Обсуждение: Adding a TAP test checking data consistency on standby withminRecoveryPoint
Adding a TAP test checking data consistency on standby withminRecoveryPoint
От
Michael Paquier
Дата:
Hi all, While working on a fix for c186ba13 which fixes the way minRecoveryPoint is updated for other processes than the startup process, I was struggling about being able to get that into a reproducible test case. I have been thinking what Andrew Gierth has mentioned yesterday, and roughly designed a test case mentioned here which is able to see the problem: https://www.postgresql.org/message-id/20181107044915.GF1677@paquier.xyz I have also been trying to shape that into a TAP test which can be added into the in-core recovery test suite, and it happens that the part which scans if all the pages of a relation are not newer than what minRecoveryPoint is set to in the control file can be easily calculated by using pageinspect and pg_control_recovery() with a simple SQL query. So, digging into it, I have been able to get a reproducible TAP test case which is in the patch attached. On HEAD, if you revert c186ba13 and then trigger the test the inconsistency shows up immediately.
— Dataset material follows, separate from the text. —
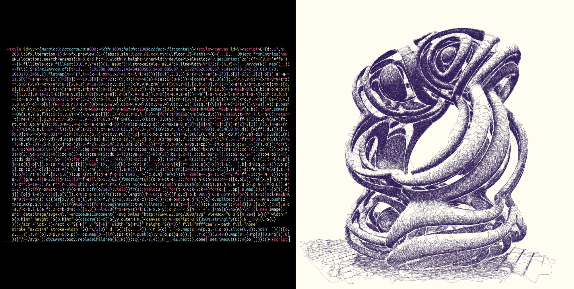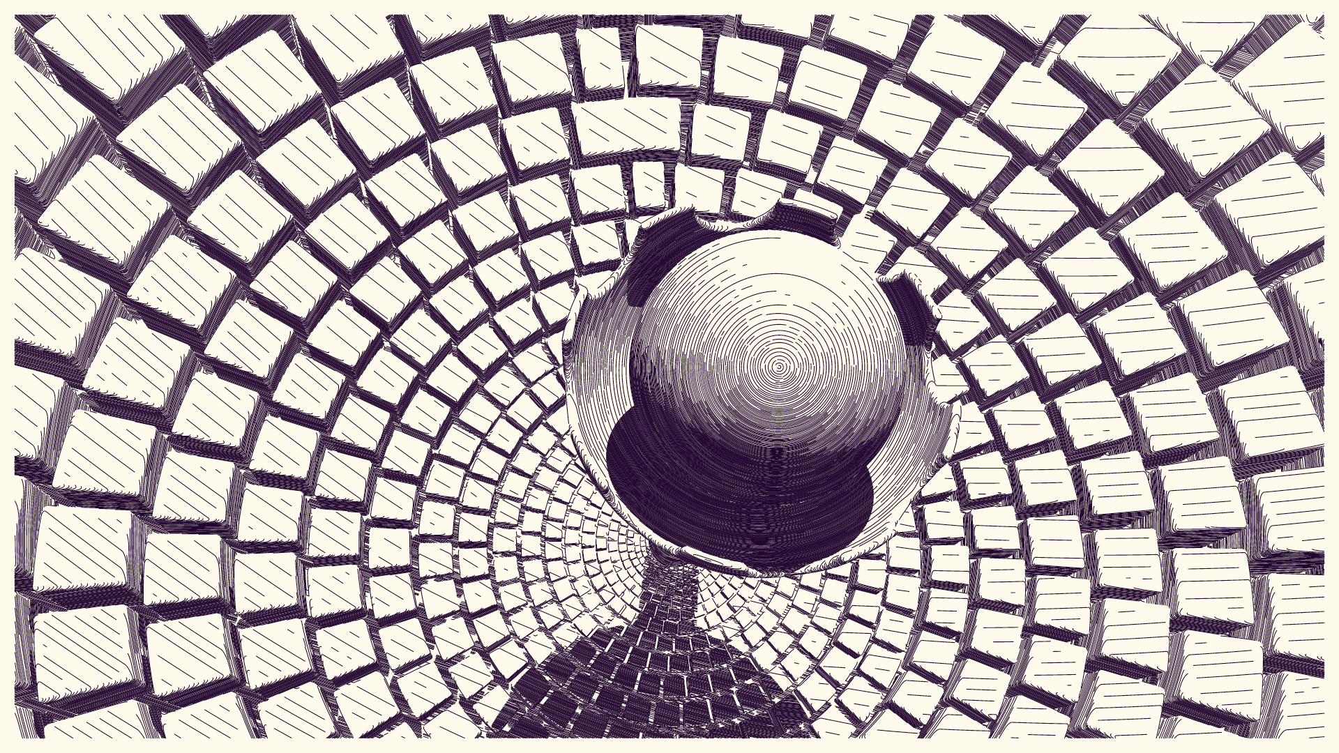 Back in 2022 Piter developed a framework for his project Industrial Devolution, essentially an algorithm that lets him turn 3D scenes (generated by using SDFs) into plottable line drawings in SVG format — he wrote an article about this framework back in 2022, giving it the fitting name "Rayhatcher". Later this same idea evolved into The Universal Rayhatcher, where collectors could input their own SDF formulas that would then be rayhatched; culminated in this large large-scale collaborative artwork, with some really mindblowing outputs.

Keeping the fix makes the test pass. This test suite will make sure that we don't break again how minRecoveryPoint is handled across multiple processes, so I think that it would be a good addition for HEAD and the future. Thoughts? -- Michael
Вложения
Re: Adding a TAP test checking data consistency on standby with minRecoveryPoint
От
Andrew Gierth
Дата:
>>>>> "Michael" == Michael Paquier <michael@paquier.xyz> writes: Michael> I have also been trying to shape that into a TAP test which Michael> can be added into the in-core recovery test suite, and it Michael> happens that the part which scans if all the pages of a Michael> relation are not newer than what minRecoveryPoint is set to in Michael> the control file can be easily calculated by using pageinspect Michael> and pg_control_recovery() with a simple SQL query. How? It's OK (and normal) for in-core pages to have newer LSNs than minRecoveryPoint, it's only on-disk pages that must not be more recent than that. And pageinspect will show the in-core page... -- Andrew (irc:RhodiumToad)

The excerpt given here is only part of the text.